_TASK INSTRUCTIONS_
Transcribe exactly the line with "Application designed to" and each line that follows it in the listing, down to the last, omitting all pictures.

_DATA PROVIDED_
'''
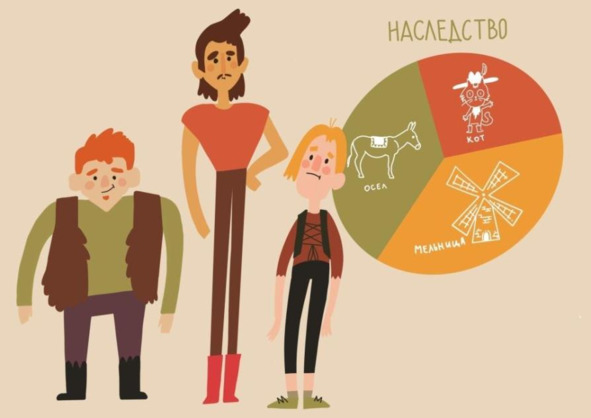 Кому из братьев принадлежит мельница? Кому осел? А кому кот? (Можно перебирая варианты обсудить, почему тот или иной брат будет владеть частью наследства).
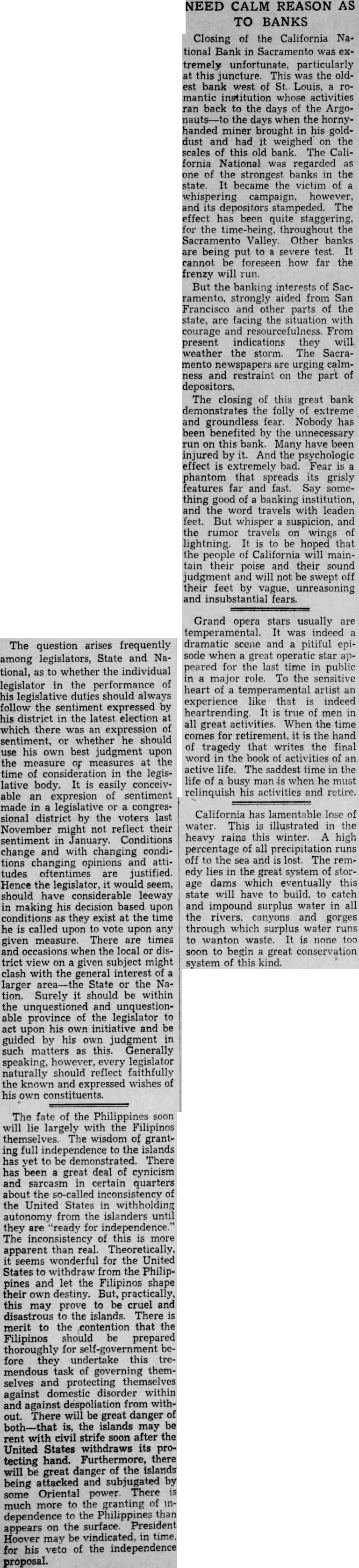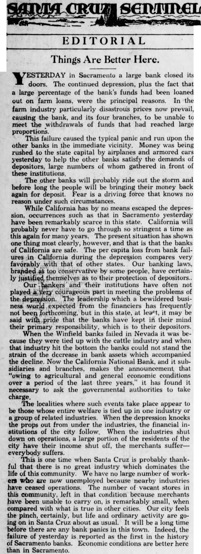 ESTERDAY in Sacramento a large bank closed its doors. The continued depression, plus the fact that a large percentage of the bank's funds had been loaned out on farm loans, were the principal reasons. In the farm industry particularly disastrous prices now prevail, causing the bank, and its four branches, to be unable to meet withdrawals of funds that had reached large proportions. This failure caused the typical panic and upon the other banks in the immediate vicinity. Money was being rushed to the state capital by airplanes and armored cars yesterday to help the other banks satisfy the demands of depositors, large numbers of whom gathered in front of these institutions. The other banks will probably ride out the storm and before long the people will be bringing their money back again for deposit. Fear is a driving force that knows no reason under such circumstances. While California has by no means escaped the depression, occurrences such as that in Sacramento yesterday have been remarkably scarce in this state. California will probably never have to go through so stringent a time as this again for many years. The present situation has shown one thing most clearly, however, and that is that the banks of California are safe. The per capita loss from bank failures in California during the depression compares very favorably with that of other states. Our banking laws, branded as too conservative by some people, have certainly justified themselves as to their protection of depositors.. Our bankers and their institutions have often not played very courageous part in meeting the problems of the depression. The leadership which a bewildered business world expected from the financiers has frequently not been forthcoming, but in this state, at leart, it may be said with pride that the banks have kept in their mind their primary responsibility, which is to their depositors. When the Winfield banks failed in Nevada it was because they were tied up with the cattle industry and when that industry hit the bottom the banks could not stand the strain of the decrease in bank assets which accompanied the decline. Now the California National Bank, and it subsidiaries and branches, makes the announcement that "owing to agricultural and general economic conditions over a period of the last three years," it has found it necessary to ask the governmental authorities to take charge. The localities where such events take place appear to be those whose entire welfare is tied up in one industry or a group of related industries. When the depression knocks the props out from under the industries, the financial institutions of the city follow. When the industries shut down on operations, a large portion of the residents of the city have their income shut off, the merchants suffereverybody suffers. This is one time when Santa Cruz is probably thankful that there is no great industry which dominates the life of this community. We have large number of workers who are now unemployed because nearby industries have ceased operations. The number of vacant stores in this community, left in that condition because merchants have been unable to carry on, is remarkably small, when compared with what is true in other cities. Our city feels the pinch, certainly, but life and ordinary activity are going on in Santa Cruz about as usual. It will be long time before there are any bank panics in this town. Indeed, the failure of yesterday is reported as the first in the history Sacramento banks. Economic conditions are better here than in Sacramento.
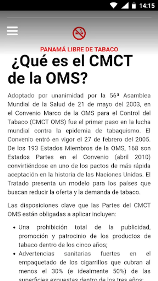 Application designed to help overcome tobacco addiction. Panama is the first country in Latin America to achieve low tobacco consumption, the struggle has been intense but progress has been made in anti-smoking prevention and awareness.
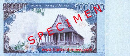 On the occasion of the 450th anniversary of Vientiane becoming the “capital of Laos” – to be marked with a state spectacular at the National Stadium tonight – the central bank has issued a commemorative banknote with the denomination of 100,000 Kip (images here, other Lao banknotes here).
'''
_EXERCISE ANSWER_
 Application designed to help overcome tobacco addiction. Panama is the first country in Latin America to achieve low tobacco consumption, the struggle has been intense but progress has been made in anti-smoking prevention and awareness.
 On the occasion of the 450th anniversary of Vientiane becoming the “capital of Laos” – to be marked with a state spectacular at the National Stadium tonight – the central bank has issued a commemorative banknote with the denomination of 100,000 Kip (images here, other Lao banknotes here).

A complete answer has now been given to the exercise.